Then, in the First Age of Hindustan Hamara, our India, we celebrated one another’s festivals, and believed, or almost believed, that all of the land’s multifariousness belonged to all of us. Now that dream of fellowship and liberty is dead, or close to death. A shadow lies upon the country we loved so deeply. Hindustan isn’t hamara any more. The Ruling Ring—one might say—has been forged in the fire of an Indian Mount Doom. Can any new fellowship be created to stand against it?—Salman Rushdie, on India’s 75th Independence Day
A bonus piece. From the archives. An audio version of this piece is available to paying subscribers here.
I first published this article in Areo Magazine in 2019, in response to growing illiberalism and the increasing popularity of Hindu ethnonationalism. (Skip these thoughts about more recent events and go straight to the article by scrolling down to the bold header text below.)
But, sadly, the article is not out of date. If anything, the situation has become worse and the struggle has become harder for those of us who believe fervently in the values of democracy, secularism and liberalism.

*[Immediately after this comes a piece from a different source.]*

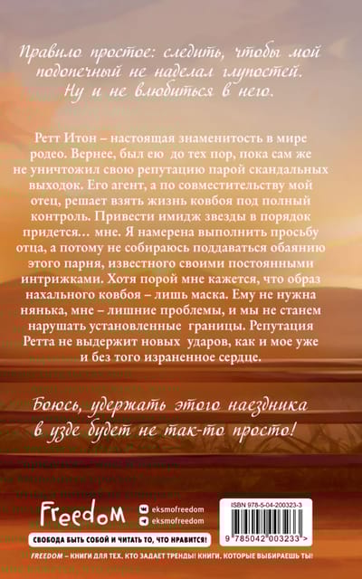 Rhett Eaton is a professional bull rider and a real celebrity in the rodeo world. Or rather, he was until he destroyed his reputation with a couple of scandalous antics. His agent, and my father, decides to take full control of the cowboy's life. It's up to me to clean up the star's image.

Despite the urgency of the need for a broad coalition, local opposition to the Indian far-right has been stymied by in-fighting and identity politics. I hope it can regroup and come out stronger than ever.
The in-fighting is understandable. Most of the heroes of the Indian independence movement and many of the most eloquent spokespeople for Indian liberalism today are high-caste Hindus, the beneficiaries of two millenia of strict caste endogamy and systemic discrimination that has left them better educated, more prosperous, more prominent than others, a true ruling oligarchy.
Casteism itself is, of course, identity politics in its purest, vilest form. And it is no mere historical relic. A nine-year-old Dalit boy was recently brutally beaten for touching a water pot reserved for caste Hindus: three days ago, he died of his injuries. That this is still happening is a disgrace. But even so Indians would be ill advised to get bogged down in the kind of identity politics and full-scale scapegoating of groups that has fractured the western left. We shouldn’t be fighting middle-class liberals born with caste privilege who are outspoken opponents of the BJP. The real enemy is clad in saffron. They are numerous and frightening and to defeat their movement will take all our ingenuity, determination, eloquence and united efforts.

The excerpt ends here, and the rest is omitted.